McIntyre has written thousands of articles for 24/7 Wall St. He is an expert on corporate finance, the automotive industry, media companies and international finance. He has edited articles on national demographics, sports, personal income and travel.

His work has been quoted or mentioned in The New York Times, The Wall Street Journal, Los Angeles Times, The Washington Post, NBC News, Time, The New Yorker, HuffPost USA Today, Business Insider, Yahoo, AOL, MarketWatch, The Atlantic, Bloomberg, New York Post, Chicago Tribune, Forbes, The Guardian and many other major publications. McIntyre has been a guest on CNBC, the BBC and television and radio stations across the country.

A magna cum laude graduate of Harvard College, McIntyre also was president of The Harvard Advocate. Founded in 1866, the Advocate is the oldest college publication in the United States.

TheStreet.com, Comps.com and Edgar Online are some of the public companies for which McIntyre served on the board of directors.
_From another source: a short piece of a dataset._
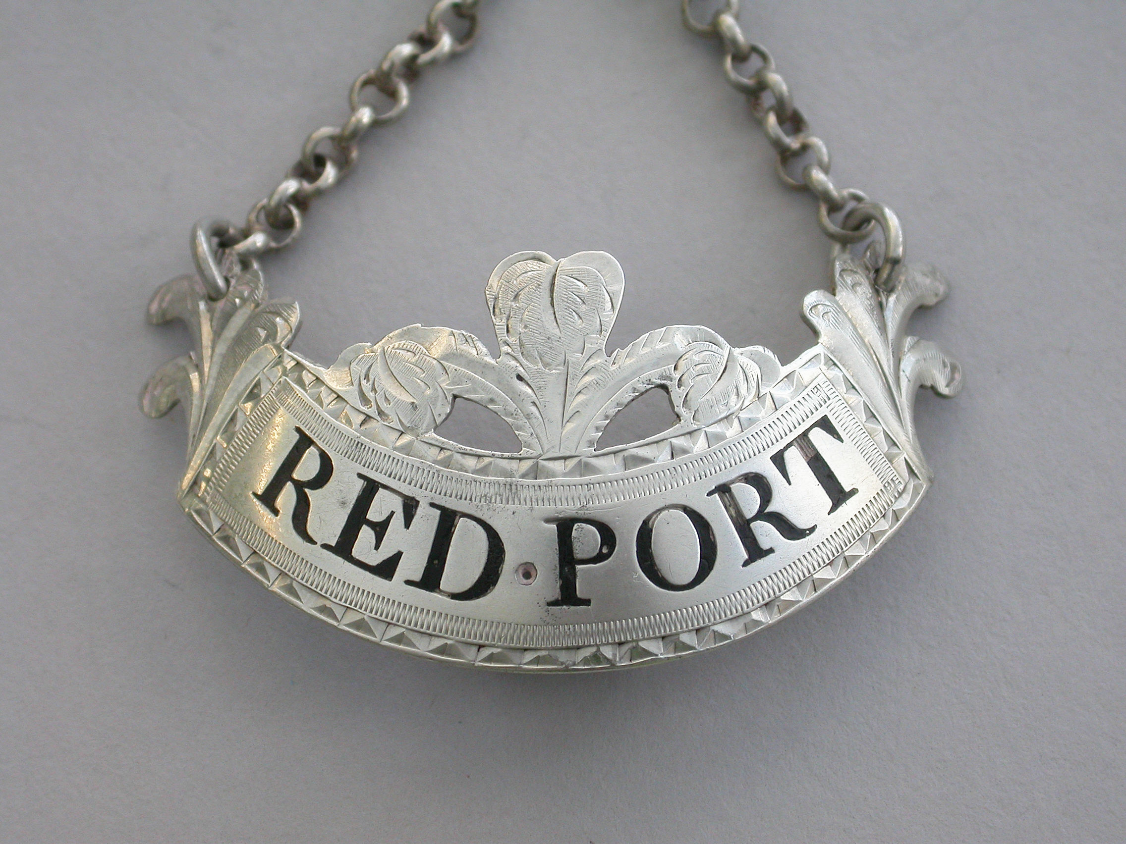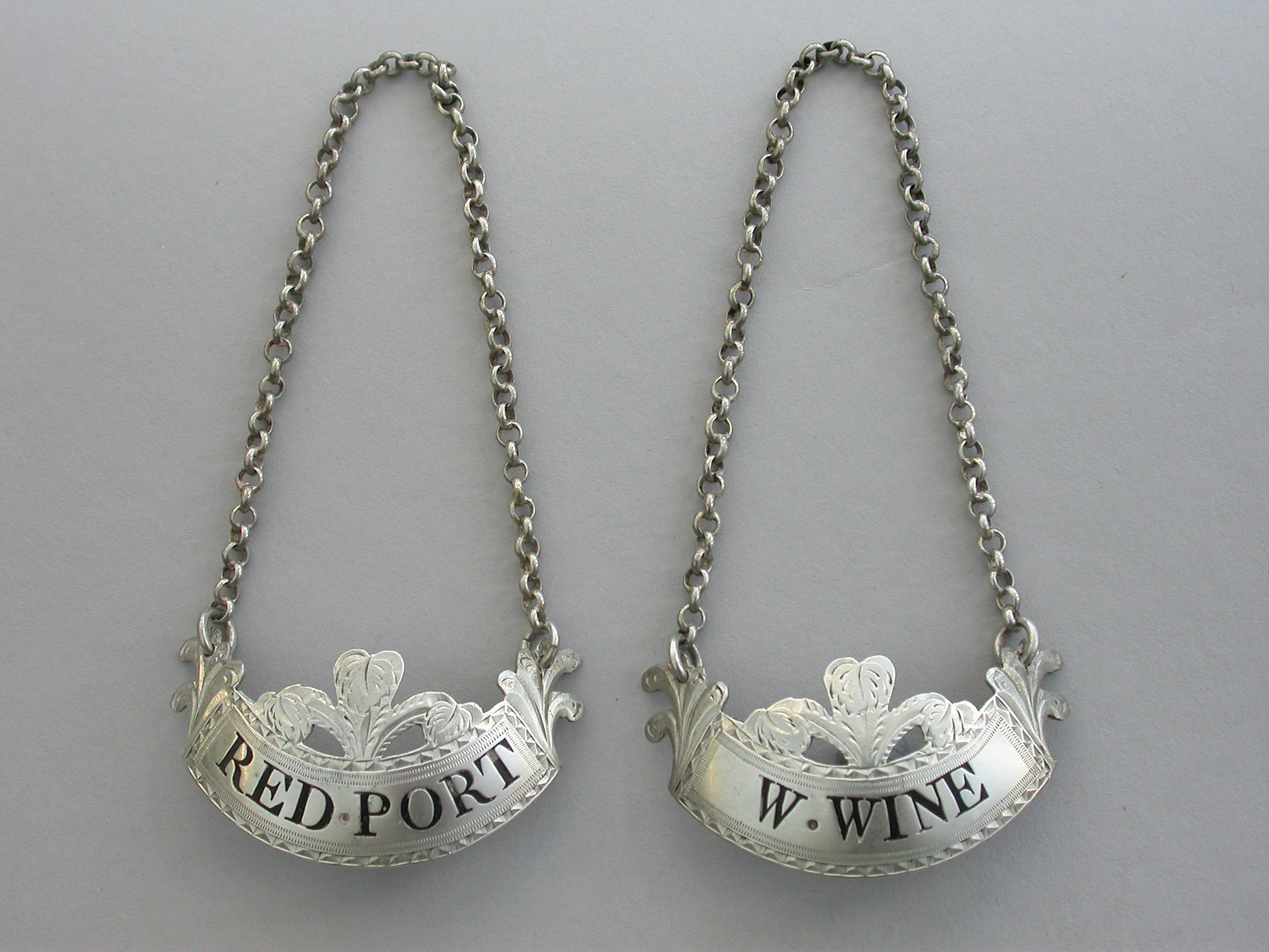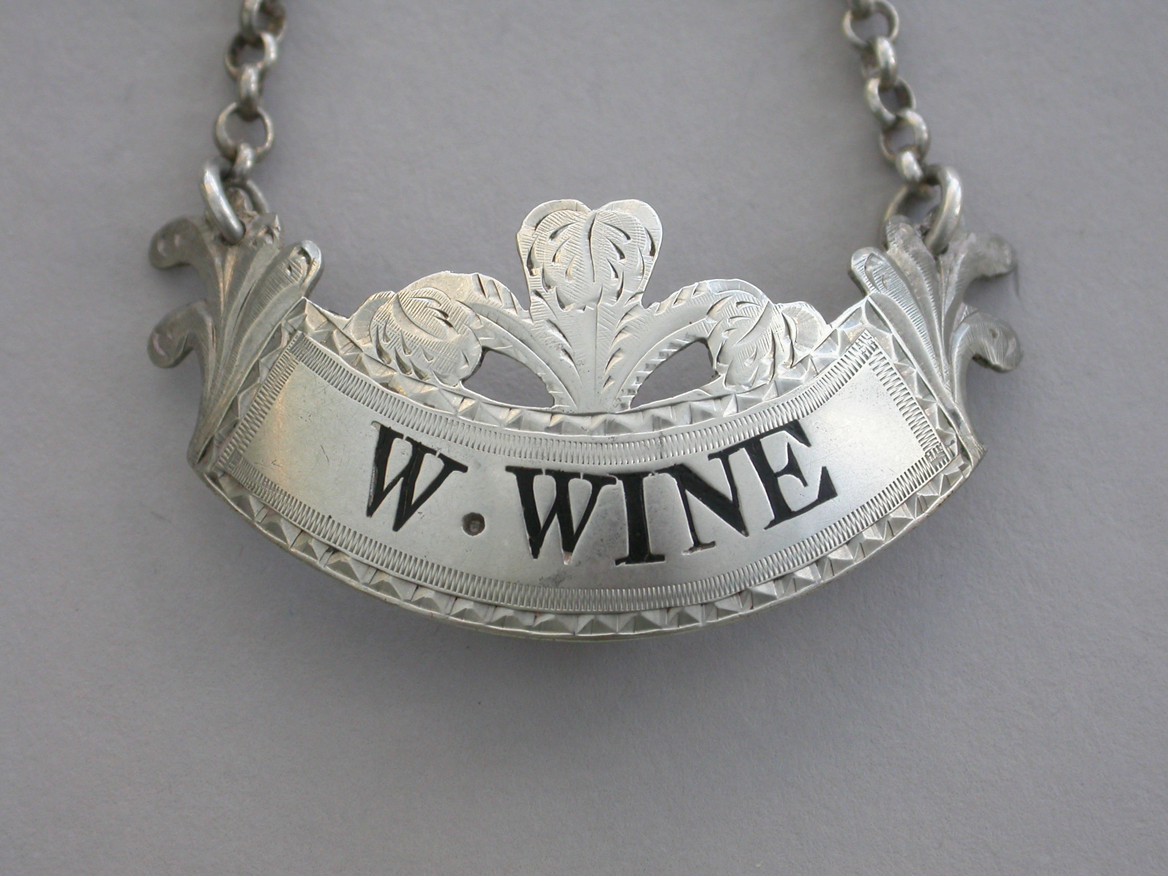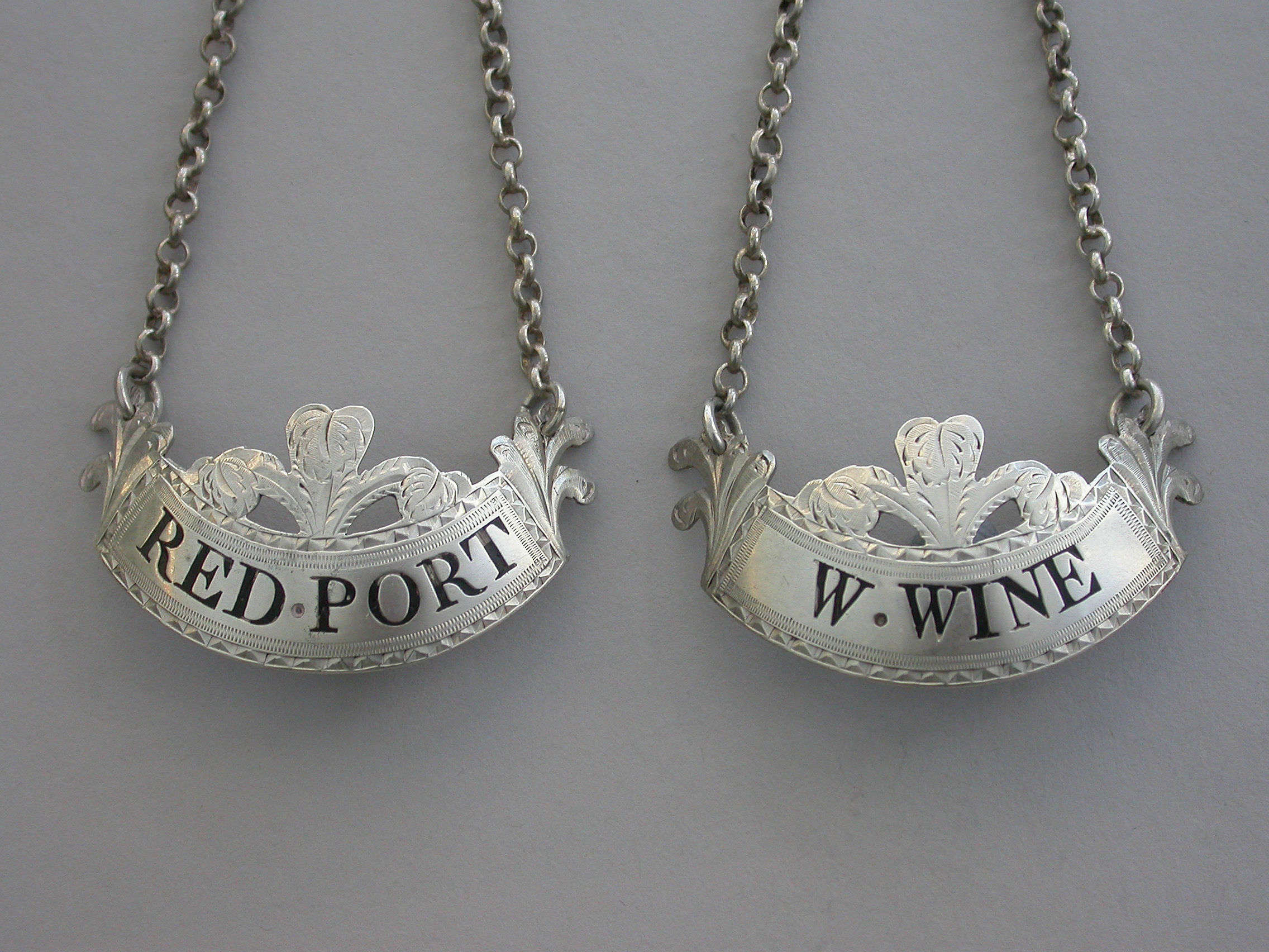 A very good pair George III silver Wine Label of ""Prince of Wales Feathers"" form, featuring a plume of three ostrich feathers above bright-cut engraved curved narrow rectangular labels with engraved foliate feathered ends, incised and niello filled for W*WINE & RED PORT.

He was a Vicinity Corporation board member when the company was sold to Microsoft in 2002. He served on the audit committees of some of these companies.

McIntyre has been the CEO of FutureSource, a provider of trading terminals and news to commodities and futures traders. He was president of Switchboard, the online phone directory company. He served as chairman and CEO of On2 Technologies, the video compression company that provided video compression software for Adobe’s Flash. Google bought On2 in 2009.